Fire them all. We don’t need CPSU.

Too late. I’m already gone.

~Amoeba

10 Comments

    1. Well, once again my Unemployment paperwork has been “lost”. I can tell you first hand how Hawaii is keeping it’s unemployment figures down. It isn’t putting people in the system!

      1. And you expected any less? LOL. Hey Q…but let’s spend bilions of tax payer dollars on a rail system…Now there’s the answer … see the way I figure it is if they loose you on the computer, they can gain one more spike in the rail system … good trade off don’t ya think? Yeah right… I’ve said it once and I’ll say it again…Tis the season LOL
        .-= Thom´s last blog ..Some Christmas Cheer =-.

    2. Yes, but Thom, this whole game is about making sure that people still have tax refunds. Especially the literal and figurative descendants of Hawaii’s Big Five, Lingle’s true constituency, who want their pockets full and those of the rest of us coolies empty.
      .-= the amoeba´s last blog ..Amoeba Has Left The Building =-.

    1. Karen, I just got intelligence from a person who writes that the military wants to be on the next plane out of Hawaii, too. That will really leave these islands on a leaky wa‘a without a paddle, in shark-infested waters.
      .-= the amoeba´s last blog ..Amoeba Has Left The Building =-.

    1. Thanks, Dawg. But the last broadcast email I received from the president of the University of Washington has lessened my expectations. After all, Washington residents Gates and Allen have to protect the $60 billion foundation they’ve amassed from the sale of software that doesn’t work.

      Academia, and education generally, is a “subsidy” profession – only those who are subsidized by inherited income or a partner with an economically-rational job need apply. And clearly, We the People of these Untied States wish it no other way. I fear my days in this profession are numbered.
      .-= the amoeba´s last blog ..Amoeba Has Left The Building =-.

  1. Well, it’s good you’re getting out and moving on to better opportunities. I can’t help though, but wonder if there aren’t at least a few of those employees who don’t WANT to move, who fear for their jobs, and who would be willing to accept the pay cut just to keep their family together or WHATEVER. I know — it’s obvious that the MAJORITY do indeed feel taken advantage of … perhaps even the entirety! I just always feel for the ones who are being dragged along by what the what the majority voted for them… I remember when I was in the Union (sheet metal workers) I was almost always on the “other” side because MY situation was different. I was single. I had a kid… I didn’t have “another” income to help me get by. So the idea of going on STRIKE absolutely terrified me! But majority is majority. I HATED the UNION! Hated it!
    .-= Melli´s last blog ..Are We THERE Yet? =-.

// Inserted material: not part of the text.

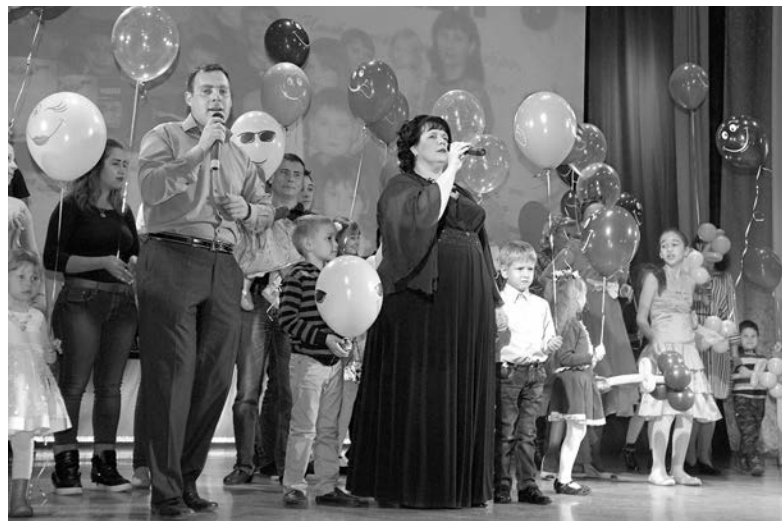
Чужих детей не бывает. И это в очередной раз доказала «Большая семья», на юбилее которой маленькие участники организации пели и танцевали для зрителей

Общественная организация «Большая семья» отметила свой первый юбилей

    1. Melli, there are such people, and it is those people and their fears that allow those who rule over us to pick the unions apart and eventually break them. We forget that, just as there was a time before Macbooks, there was a time before unions. And both you and that kid of yours would be on the line working twelve-hour days for maybe half of what you needed to get a decent meal. Because you would willingly work for those slave wages and that made you cheaper than the machine that would do your jobs. Until the machine’s price dropped, and then both you and your kid (well, maybe not the kid, (s)he could get into tight and dangerous places no machine could reach) would be out on the street.

      Milton Friedman and Karl Marx both agreed on one thing: the business of business is business. Making money is the sole object. By any means necessary, without regard to social codes or moral strictures. The difference is, to Friedman, the situation is right and proper. “Ford’s in his flivver, all’s right with the world.” To Marx, the situation called for revolution.
      .-= the amoeba´s last blog ..Amoeba Has Left The Building =-.